Remembering those dreadful days, she added that the search of identity led her to suffering, wandering, and sometimes devastated her to a point where she considered ending her own life to ease the pain.

Digital Reincarnation

The quest of unknown brought Khursand to Lahore. As she was not an absolute ill-literate, with the help of a trans activist friend, she got a job in KhwajaSara Society (KSS), a non-profit organization working for the welfare of transgender community.

 “Struggling in the Armageddon of right and wrong, I finally had developed the valor to not succumb and to contribute towards the change. That’s the time I actually embraced the digital media and gradually, I incorporated in, one after another, conveniences offered by the digital space to facilitate comfort and management of time in my work and in my life.” Khursand tightened the grip over her phone with a confident smile on her face.

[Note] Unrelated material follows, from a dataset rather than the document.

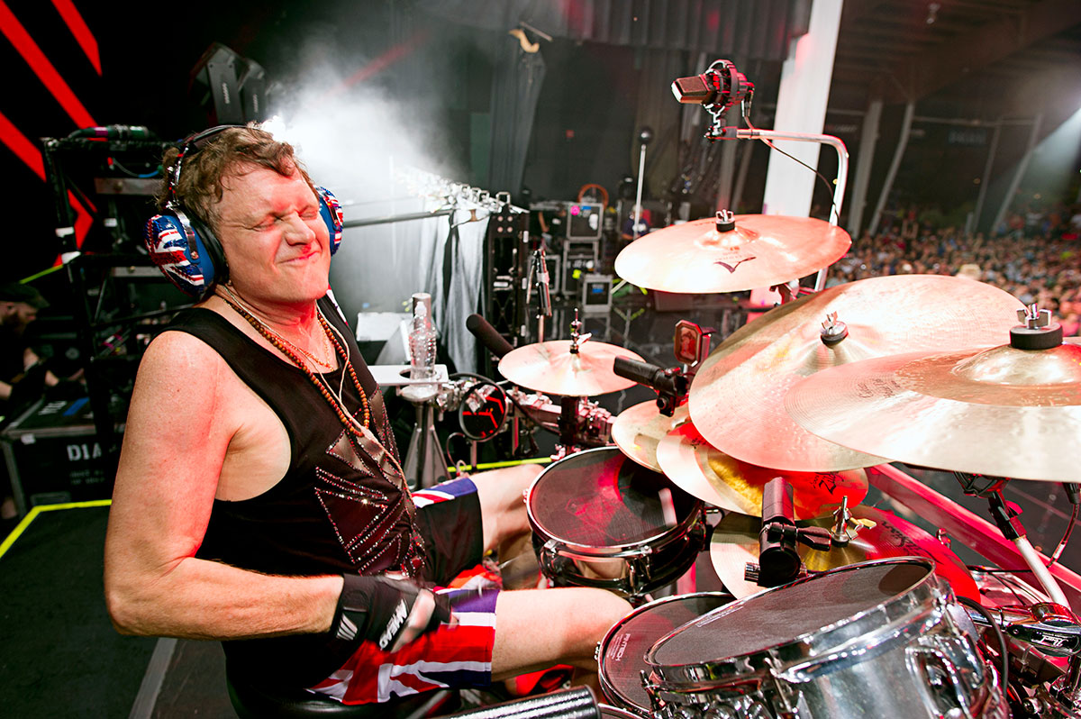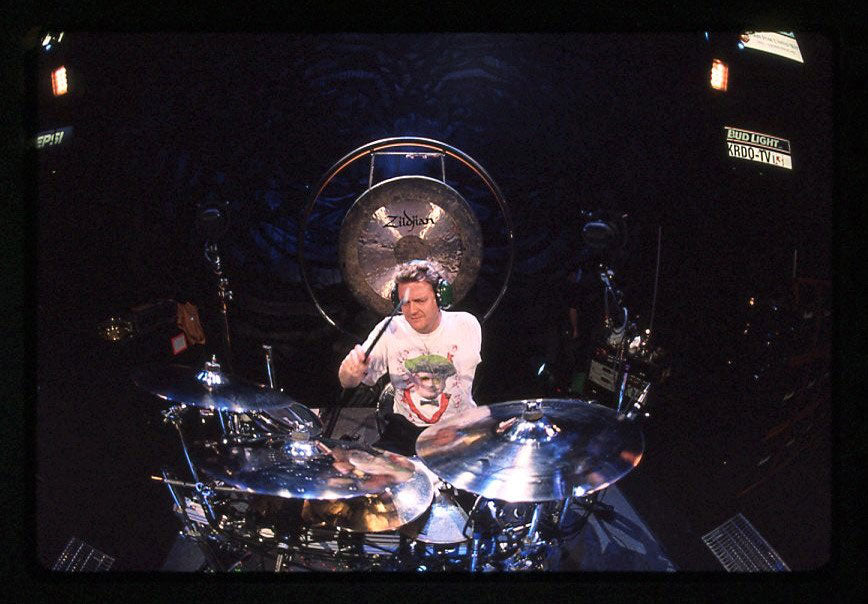 Viv is lord of the stage in this drummer's-eye-view photo, Euphoria Tour circa 2000. Photo: Ross Halfin. From the Collection of Def Leppard.

Illustration by Aniqa Haider

Khursand is as dependent over the digital facilities available around as any of her cisgender peers. She usually hails a cab every day through a digital app, to reach her workplace. “For KhwajaSaras, public transport is no less than a nightmare. Other than groping and ill-treatment, often male passengers chide us to shift to female compartment whereas females remain uncomfortable finding us in their surroundings. We need to sensitise people towards the travelling needs of trans persons but the desired change might take a lot of time. At least for now, online cab services somehow have eased our commute hardships.”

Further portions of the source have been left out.